Monday, January 09, 2012

Perspective, and then some

I just read an Op-Ed piece in the N.Y. Times written by a Nigerian man, Lakhdar Boumediene,  who was detained in military custody, without explanation,  at Guantanamo Bay for SEVEN, yes 7, years.

His children grew up while he was inside being tortured, interrogated and treated like a terrorist despite the lack of any evidence against him.

Seven years.

They were not allowed to talk to him.

Seven years.

Letters they wrote to him were sent back.

When he was finally released, the only explanation was that the government had made a mistake.  Oops.

It breaks my heart. Incenses my every fiber. Shocks my soul. Seven years. You can not give a man the experience of being with his wife and watching his children grow back to him once you have stolen it. It's gone, forever.

And it makes me feel just a wee bit guilty about my ongoing pity party regarding not being able to get my husband, father of my children, back home where he belongs after just five months of trying. I'm still angry, more so than ever, but I'm also humbled somehow, in the face of just how bad it could be.

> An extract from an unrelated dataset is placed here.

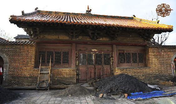 跨入山门,进入前院,映人眼帘的是高耸的过殿。过殿面阔三间,单檐硬山顶,琉璃瓦铺制,檐前由二根方形砖柱支撑过廊,廊前有十四阶石阶连接上下。过殿两 侧各有一座两层高楼,上层分别是钟鼓楼,下层是进入上院的通道。前院东西各有廊房三间,兰瓦铺顶,廊道各由两根木柱支撑,木柱下垫有石柱基,保存完好。

The world is filled with broken families. To see families broken up unnecessarily, and children losing their fathers for no good reason other than the heartless churning wheels of bureaucracy, is painful.

6 comments:

Anca said...

Now I'm ashamed about my constant whining regarding the repetitiveness of child caring....

Betsy said...

Oh yes, that too. Right there with you, Anca.

MT said...

Everything is relative, isn't it?
It is tough. While I survived our first three months back in Canada as the single parent for our 3 boys, it took me a long while to recover from it once my husband came back. Kinda like that return culture shock part deux. Keep leaning on your friends and family. And internet followers ;)

mooserbeans said...

Everything is relative. The trick is to feel compassion for others, while being thankful for what you have, while allowing yourself the very human emotion of feeling frustrated by your situation (which is difficult in it's own right).

Kip said...

You go right ahead with your pity party whenever you need it. While its true that there is always someone who has it worse, it totally stinks that Ian can't be with you guys now. When the party is over you can remember to count your many blessings.

Robin said...

I agree with all of these other friends, and I think Mooserbeans said it particularly well! I had to work my way through the same thing on a much smaller scale the other day. My 3-year-old fell and busted up his face, including moving one of his front teeth a bit. I freaked a bit, imagined ongoing dental work and/or the loss of a front tooth, and succombed to a bit of unnecessary worry (meanwhile, he was forgetting the whole thing). I had to remind myself that a lost front baby tooth was not really a big deal, and then when the dentist said the next day that the tooth would probably be OK, I felt even sillier for worrying. But we do hate to see our kids suffer at all, and that's so natural.